From the listing below, retype exactly the line holding "A Shelly PLUS", the line holding "Then 222 2 (4kips)(6kips)2(4kips)(6kips)cos105", and the lines between them; skip everything else.
*** Opening of DATA PROVIDED ***
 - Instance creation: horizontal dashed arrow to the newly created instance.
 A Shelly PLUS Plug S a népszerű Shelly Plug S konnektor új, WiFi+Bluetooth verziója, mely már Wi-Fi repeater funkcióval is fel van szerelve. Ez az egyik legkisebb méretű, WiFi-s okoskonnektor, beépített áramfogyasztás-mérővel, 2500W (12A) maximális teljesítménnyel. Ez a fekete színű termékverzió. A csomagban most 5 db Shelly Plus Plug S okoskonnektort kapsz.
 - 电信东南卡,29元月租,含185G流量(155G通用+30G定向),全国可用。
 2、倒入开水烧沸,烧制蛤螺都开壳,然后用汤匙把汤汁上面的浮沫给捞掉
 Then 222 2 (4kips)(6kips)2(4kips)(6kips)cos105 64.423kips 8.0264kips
*** Close of DATA PROVIDED ***
*** Opening of DATA PROVIDED ***
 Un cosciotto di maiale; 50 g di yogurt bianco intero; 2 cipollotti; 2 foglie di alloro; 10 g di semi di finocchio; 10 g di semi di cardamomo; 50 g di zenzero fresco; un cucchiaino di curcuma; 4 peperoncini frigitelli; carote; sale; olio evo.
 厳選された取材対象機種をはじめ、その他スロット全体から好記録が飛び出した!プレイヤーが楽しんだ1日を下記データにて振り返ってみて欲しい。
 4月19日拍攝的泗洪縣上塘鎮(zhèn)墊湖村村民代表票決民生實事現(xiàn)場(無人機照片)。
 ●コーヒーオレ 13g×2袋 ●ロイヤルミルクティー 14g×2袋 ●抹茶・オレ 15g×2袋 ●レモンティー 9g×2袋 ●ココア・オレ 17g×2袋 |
*** Close of DATA PROVIDED ***
*** Opening of DATA PROVIDED ***
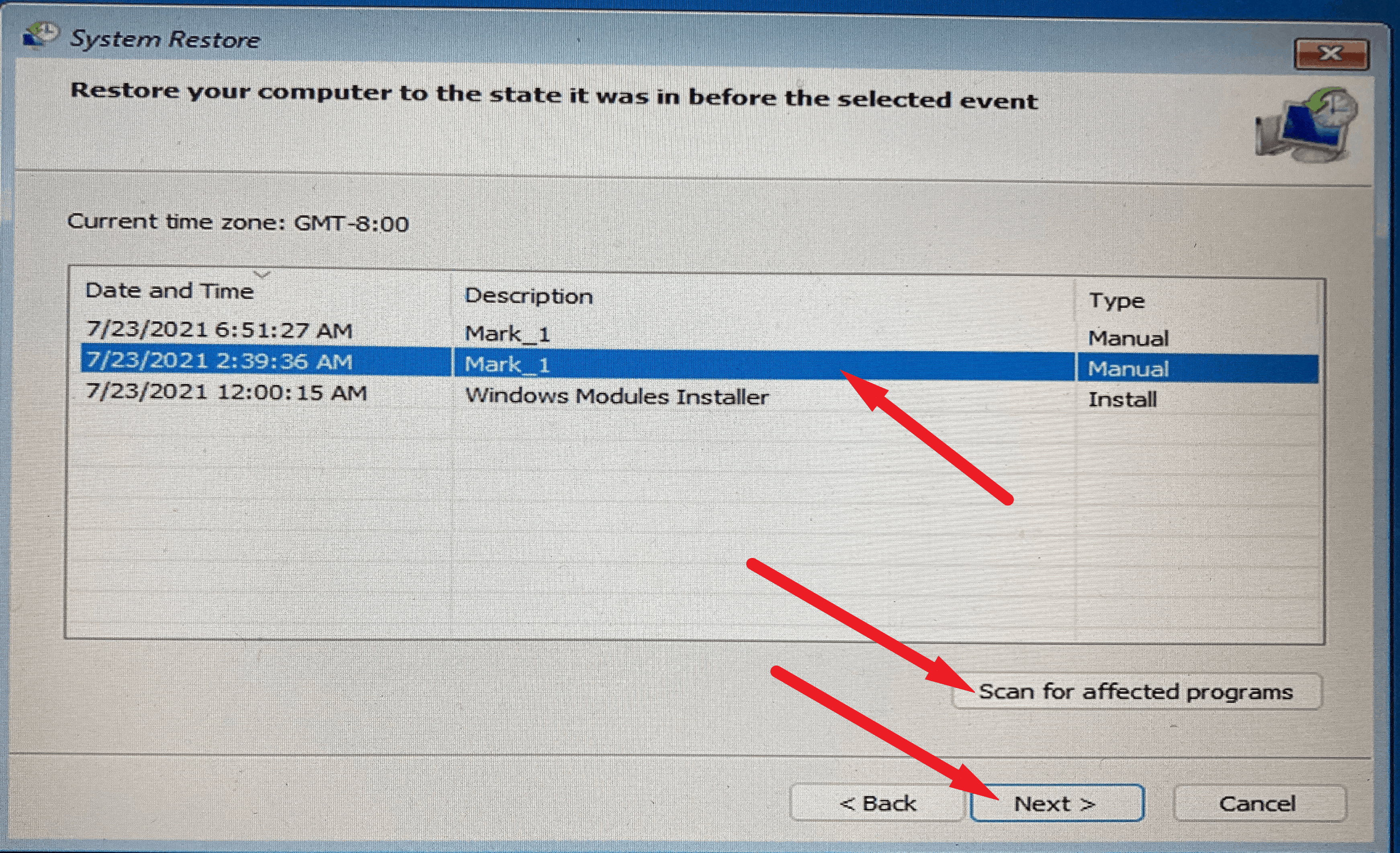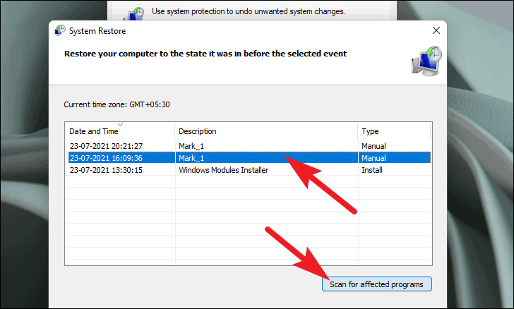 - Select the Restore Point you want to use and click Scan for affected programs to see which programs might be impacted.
*** Close of DATA PROVIDED ***
• **SOLVED PROBLEM**
 A Shelly PLUS Plug S a népszerű Shelly Plug S konnektor új, WiFi+Bluetooth verziója, mely már Wi-Fi repeater funkcióval is fel van szerelve. Ez az egyik legkisebb méretű, WiFi-s okoskonnektor, beépített áramfogyasztás-mérővel, 2500W (12A) maximális teljesítménnyel. Ez a fekete színű termékverzió. A csomagban most 5 db Shelly Plus Plug S okoskonnektort kapsz.
 - 电信东南卡,29元月租,含185G流量(155G通用+30G定向),全国可用。
 2、倒入开水烧沸,烧制蛤螺都开壳,然后用汤匙把汤汁上面的浮沫给捞掉
 Then 222 2 (4kips)(6kips)2(4kips)(6kips)cos105 64.423kips 8.0264kips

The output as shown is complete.